Binomial probability calculates the chance of getting exactly k successes in n independent trials, where each trial has probability p of success. Formula: P(X=k) = C(n,k) × pᵏ × (1−p)^(n−k). Example: probability of getting exactly 3 heads in 10 coin flips. P(X=3) = C(10,3) × 0.5³ × 0.5&sup7; = 120 × 0.125 × 0.0078125 ≈ 0.117 = 11.7%. The binomial distribution describes many real-world scenarios: defect rates, survey responses, medical test results.

Permutations (nPr): arrangements where order matters. nPr = n!/(n−r)!. Example: how many 3-digit PINs from digits 1–9 (no repeats)? 9P3 = 9!/6! = 504. Combinations (nCr): selections where order does not matter. nCr = n!/(r!(n−r)!). Example: choosing 3 people from 9 for a committee (the order of selection doesn't matter): C(9,3) = 84. Relationship: nPr = nCr × r! (permutations = combinations × the number of ways to arrange the chosen items).

Odds express the ratio of favorable to unfavorable outcomes. Odds in favor of A = P(A) / P(A') = favorable / unfavorable. Example: rolling a 6 has probability 1/6. Odds in favor = 1:5 (1 favorable, 5 unfavorable). Odds against = 5:1. Converting: if odds in favor = a:b, then P = a/(a+b). If odds = 3:1 in favor, P = 3/4 = 0.75. Probability and odds describe the same information differently.

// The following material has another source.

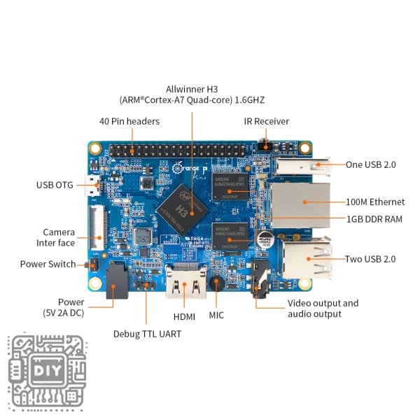 - Processor: Allwinner H3 Quad-Core Cortex-A7.
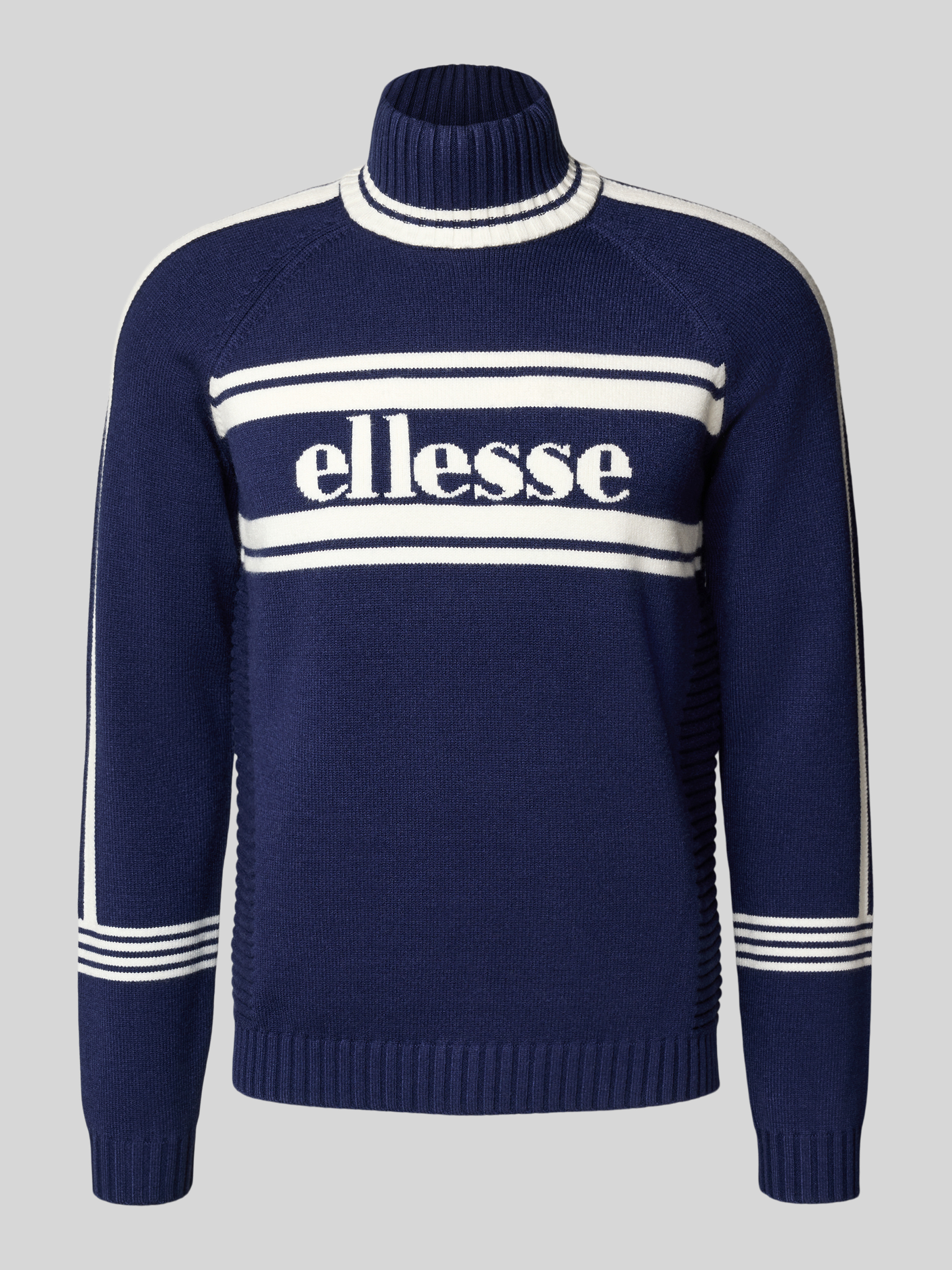 Gebreide pullover met opstaande kraag, model 'PELLINI' in donkerblauw

Odds are commonly used in gambling and sports betting, while probability is used in science and statistics.

Conditional probability P(A|B) is the probability that A occurs given that B has already occurred. Formula: P(A|B) = P(A and B) / P(B). Example: a bag has 3 red and 2 blue balls. Probability of drawing red on the second draw given red on the first (without replacement): P(red first) = 3/5. P(red first AND red second) = 3/5 × 2/4 = 6/20 = 3/10. P(red second | red first) = (3/10) / (3/5) = 1/2. Bayes' theorem uses conditional probability to update beliefs based on new evidence.

Insurance: companies calculate the probability of claims to set premiums. Medicine: clinical trials measure the probability that a treatment works vs placebo. Weather forecasting: "70% chance of rain" is a probability statement. Finance: options pricing (Black-Scholes) uses probability that an asset reaches a certain price. Quality control: manufacturers calculate defect probabilities to set acceptance thresholds. Gambling: casinos design games with specific house edge probabilities. Epidemiology: tracking disease spread probabilities to guide public health decisions. Machine learning: algorithms assign probabilities to classifications.

Lottery probability uses combinations. For a typical 6/49 lottery (pick 6 numbers from 1–49): total combinations = C(49,6) = 13,983,816. Probability of jackpot = 1/13,983,816 ≈ 0.0000000715 or about 1 in 14 million. For Powerball (choose 5 from 69, plus 1 Powerball from 26): C(69,5) × 26 = 11,238,513 × 26 = 292,201,338. Jackpot probability = 1 in ~292 million. You are about 20,000 times more likely to be struck by lightning in a year than to win Powerball in a single ticket.